The timestamp in dmesg is the offset in seconds since last reboot so :

  1. Determine the last reboot:

     [root@server ~]# last -n 1 reboot
     reboot   system boot  3.10.0-1160.76.1 Sat Aug 27 10:56 - 14:25 (29+03:28)
    
     wtmp begins Tue Nov  7 09:30:18 2017 
    
  2. For example my dmesg has an entry:

    [2316645.206965] BIOS EDD facility v0.16 2004-Jun-25, 1 devices found
    
  3. Then use date --date "[date of last-reboot] [timestamp] seconds to convert the timestamp:

    date --date "Sat Aug 27 10:56 2316645.206965 seconds"
    
    Fri Sep 23 06:27:37 CEST 2022
    
  4. Which corresponds exactly with dmesg -T :

    [Fri Sep 23 06:27:37 2022] BIOS EDD facility v0.16 2004-Jun-25, 1 devices found
    

I assume though that your time stamp is incorrect for some reason, 1630230907.32 seconds is over 50 years.

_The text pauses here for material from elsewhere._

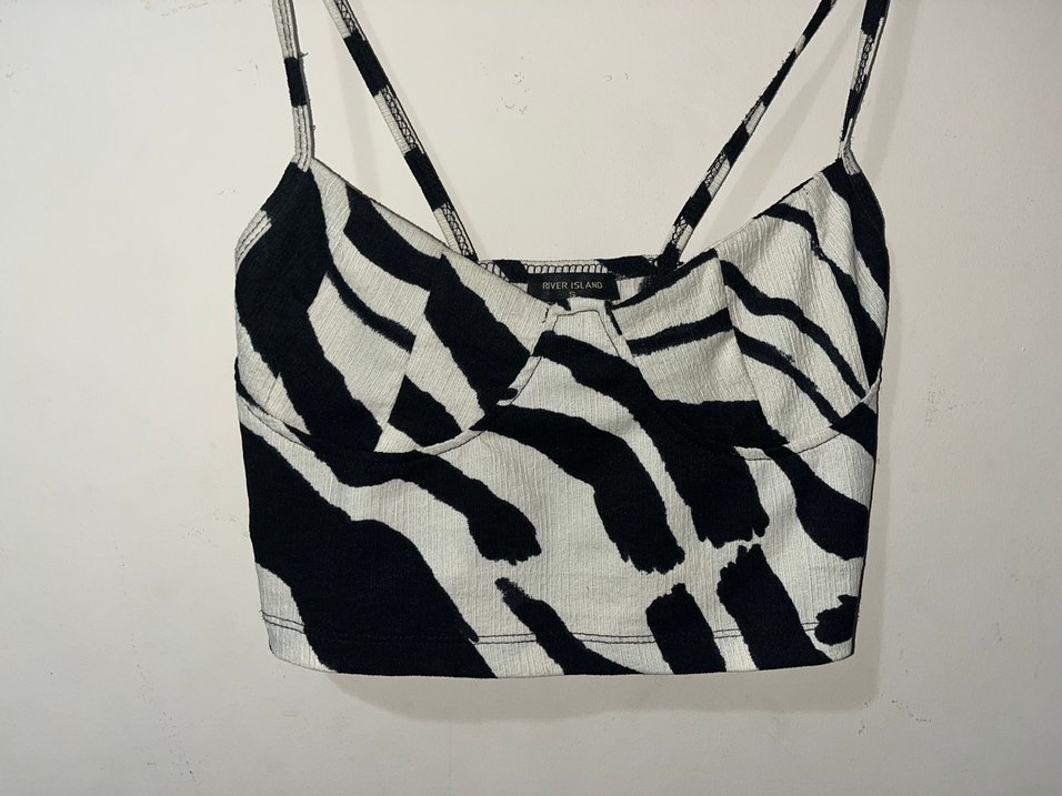 Zebra desenli, pileli dokulu, askılı ve tekne yaka, günlük sokak stiline uygun fitted kadın büstiyer.
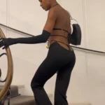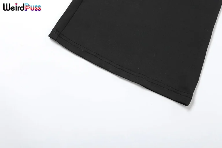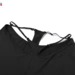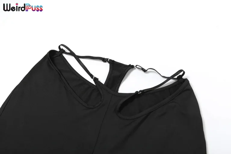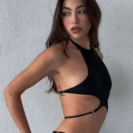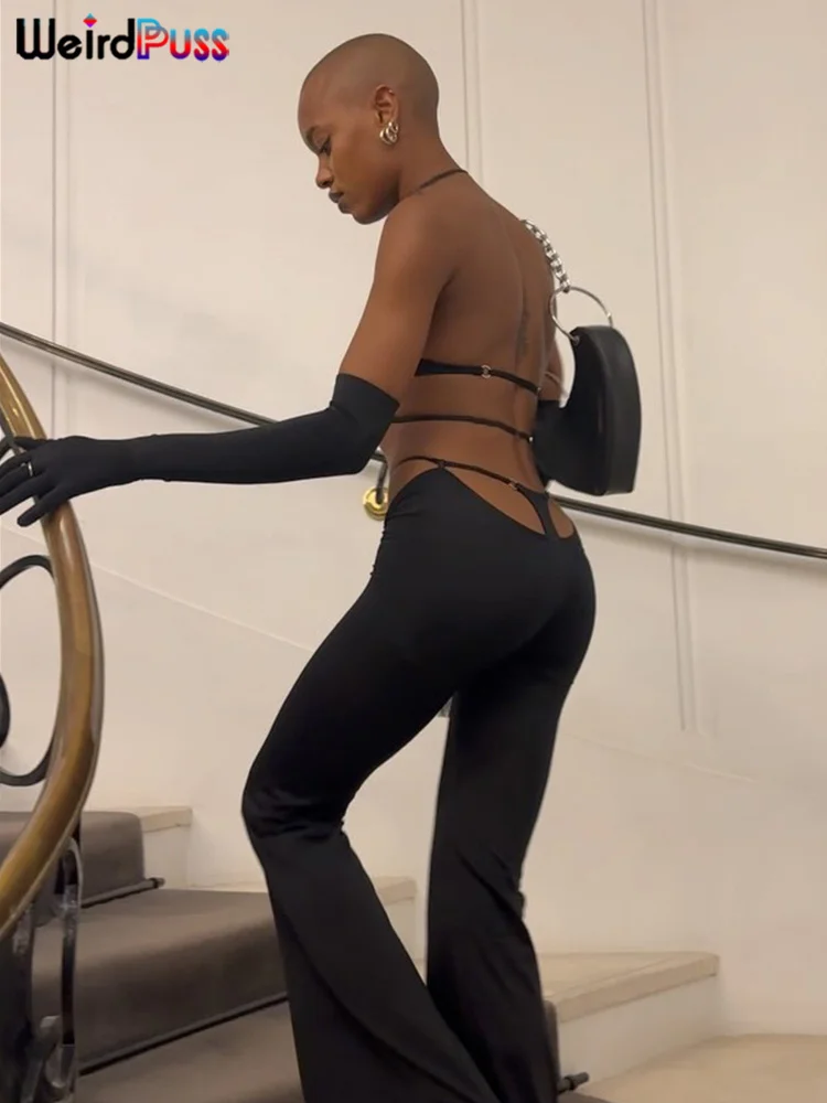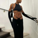 Conjunto composto por top curto e calça flare com modelagem fina e alta elasticidade. Além disso o top apresenta gola, design sem mangas e decorações em estilo cruzado e vazado, enquanto a calça possui cintura baixa e fechamento elástico.

Reasons for incorrect timestamps are already given in the manual page man dmesg

   -T, --ctime
       Print human-readable timestamps.

       Be aware that the timestamp could be inaccurate! The time
       source used for the logs is not updated after system
       SUSPEND/RESUME. Timestamps are adjusted according to current
       delta between boottime and monotonic clocks, this works only
       for messages printed after last resume.

Suspend/resume events are not only something that only concerns laptop users, virtual systems may also experience them during live migration for example.